Content starts
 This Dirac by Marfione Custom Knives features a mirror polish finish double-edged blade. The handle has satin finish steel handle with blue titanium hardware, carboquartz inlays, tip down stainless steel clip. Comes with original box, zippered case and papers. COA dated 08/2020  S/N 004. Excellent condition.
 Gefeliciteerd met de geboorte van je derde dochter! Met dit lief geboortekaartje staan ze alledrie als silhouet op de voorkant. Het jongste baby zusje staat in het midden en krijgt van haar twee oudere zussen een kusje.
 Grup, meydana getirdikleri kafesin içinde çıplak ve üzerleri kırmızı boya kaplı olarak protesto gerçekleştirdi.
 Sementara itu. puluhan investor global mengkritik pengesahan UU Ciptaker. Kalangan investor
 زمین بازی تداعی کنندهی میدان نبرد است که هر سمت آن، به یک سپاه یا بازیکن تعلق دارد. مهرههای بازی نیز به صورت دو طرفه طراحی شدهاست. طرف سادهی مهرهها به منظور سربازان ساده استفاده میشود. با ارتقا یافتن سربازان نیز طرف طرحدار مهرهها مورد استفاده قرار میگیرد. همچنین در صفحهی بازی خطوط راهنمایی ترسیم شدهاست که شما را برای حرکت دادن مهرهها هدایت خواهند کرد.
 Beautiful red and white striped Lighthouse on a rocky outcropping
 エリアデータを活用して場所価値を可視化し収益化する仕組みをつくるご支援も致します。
Content ends
Content starts
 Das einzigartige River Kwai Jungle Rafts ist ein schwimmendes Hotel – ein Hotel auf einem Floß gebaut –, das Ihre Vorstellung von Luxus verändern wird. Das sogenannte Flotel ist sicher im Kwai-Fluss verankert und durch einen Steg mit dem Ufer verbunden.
Content ends
Content starts
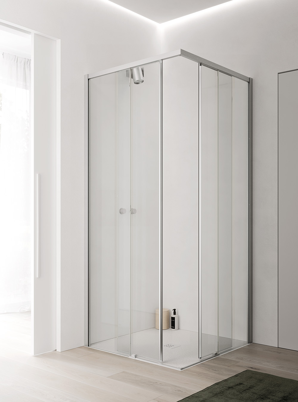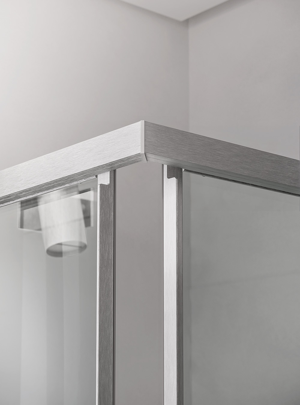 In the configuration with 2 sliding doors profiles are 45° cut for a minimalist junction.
Content ends
# Task prompt
Exact duplication is required for the lines above, from the line that contains "Grup, meydana getirdikleri" to the line that contains "Sementara itu. puluhan", inclusive; omit all others.

# Written answer
 Grup, meydana getirdikleri kafesin içinde çıplak ve üzerleri kırmızı boya kaplı olarak protesto gerçekleştirdi.
 Sementara itu. puluhan investor global mengkritik pengesahan UU Ciptaker. Kalangan investor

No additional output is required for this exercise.